Милая моя, так бесконечно дорогая моя Анна Васильевна, никогда, кажется, я не чувствовал такой безнадежной отдаленности от Вас, и географической, и по обстановке, и по времени, которое отдаляет Вас от меня, оставляя какую-то смутную фантазию когда-нибудь, где-нибудь Вас увидеть. Хотя бы поскорее попасть на фронт и найти там "отдых"; кажется, первый раз в жизни я чувствую, что "устал", и хочется временами "отдохнуть" [Далее в отчеркнутом с двух сторон пространстве листа написано: все кажется уже потерявшим всякий смысл и значение.].
д. 1, лл. 87 об.-89
No 36
[Позднее 30 января 1918 г.] [Датируется по предыдущему письму.]

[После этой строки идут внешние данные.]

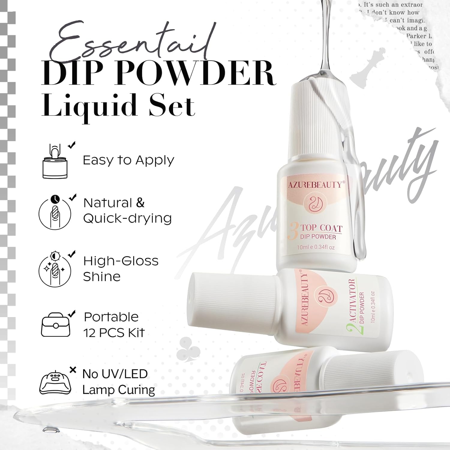 - Superior Quality & Long Lasting: AZUREBEAUTY dip powder nail kit is long-lasting and anti-chipping, anti-peel off. The color is full and natural-looking, light, and has an impeccable shine finish. It can keep the nail art gorgeous and shiny for more than about 28 days with proper application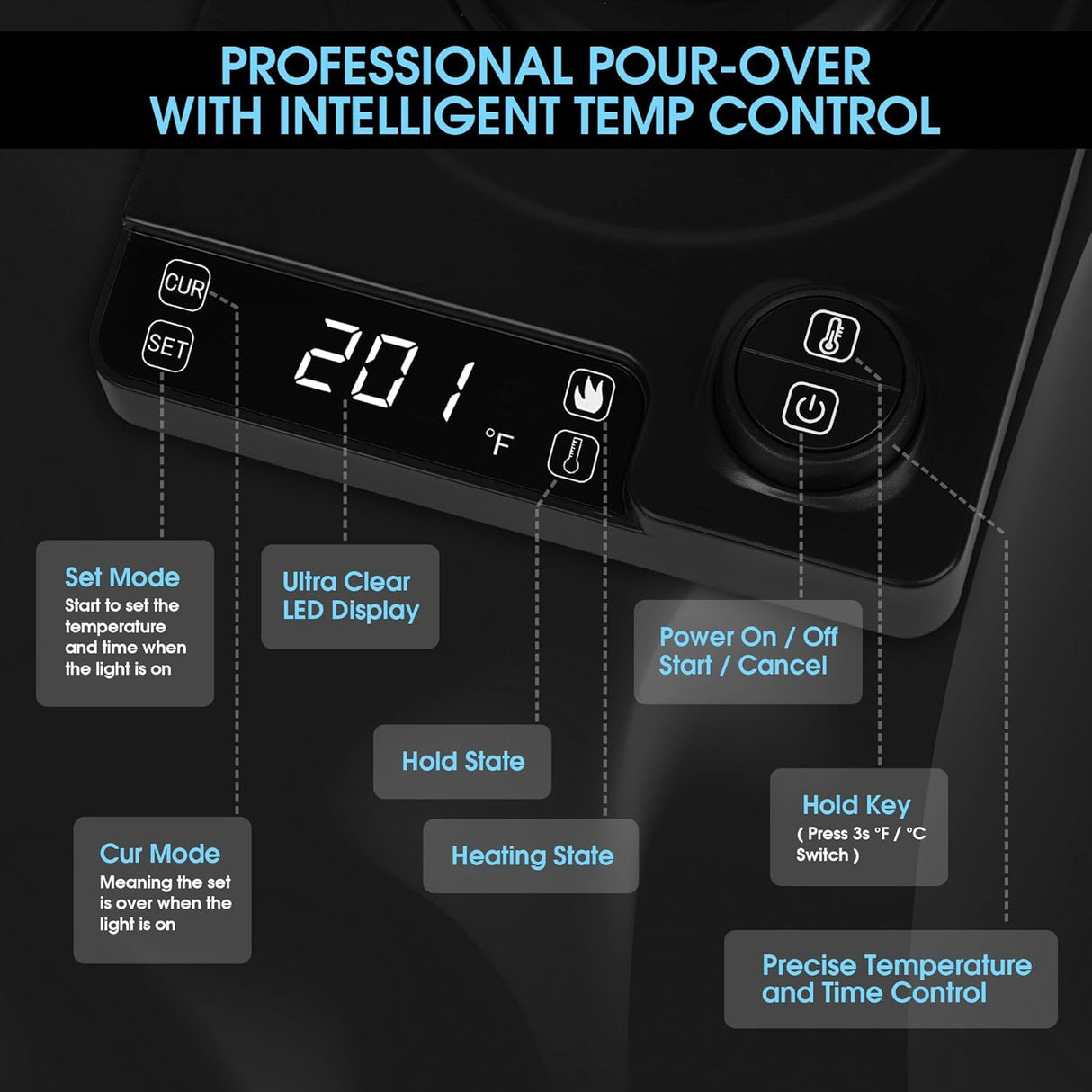 The KT10 PRO Electric Kettle combines advanced features with sleek design to bring you an exceptional brewing experience. With precise temperature control, fast heating, and a range of smart safety features, this kettle is perfect for those who take their coffee and tea seriously.

"Dunera", которую я все время ожидал, привезла пренеприятный сюрприз чуму. В результате карантин, дезинфек[ционные] работы, и отход отложен на десять суток. Другого парохода в Индию нет, несмотря на мою готовность идти хоть на грузовом пароходе. Подводная война сказывается на всем мире, и сообщения теперь невероятно длинные и трудные. Приходится сидеть в Шанхае и ждать, когда чума на "Dunera" будет искоренена. С какими только препятствиями не приходится встречаться в жизни. А я чувствую необходимость скорее попасть на фронт... и мое вынужденное бездействие - худшее, что может быть теперь. И вот я опять целыми днями один [Далее зачеркнуто: целыми днями сижу один, изучая буддийскую философию, Месопотамский театр и английскую службу Генерального штаба. В промежутках между этим занятием я отправляюсь куда-нибудь бродить по Шанхаю и думаю о милой, далекой Анне Васильевне. Вечером я сажусь около камина и разговариваю с Вашей фотографией.]. Отсутствие сведений из России - Ваше письмо от 14 октября - последнее известие с Родины, из Севастополя письма я имею только от половины сентября - очень тяжело, - временами такая находит тоска, что положительно не можешь найти места. Это много даже для меня. От офицеров, уехавших с поручениями и письмами в Россию, нет также никаких известий. Нехорошие и невеселые мысли приходят в голову, и, чтобы отделаться от них, я обращаюсь к Вам.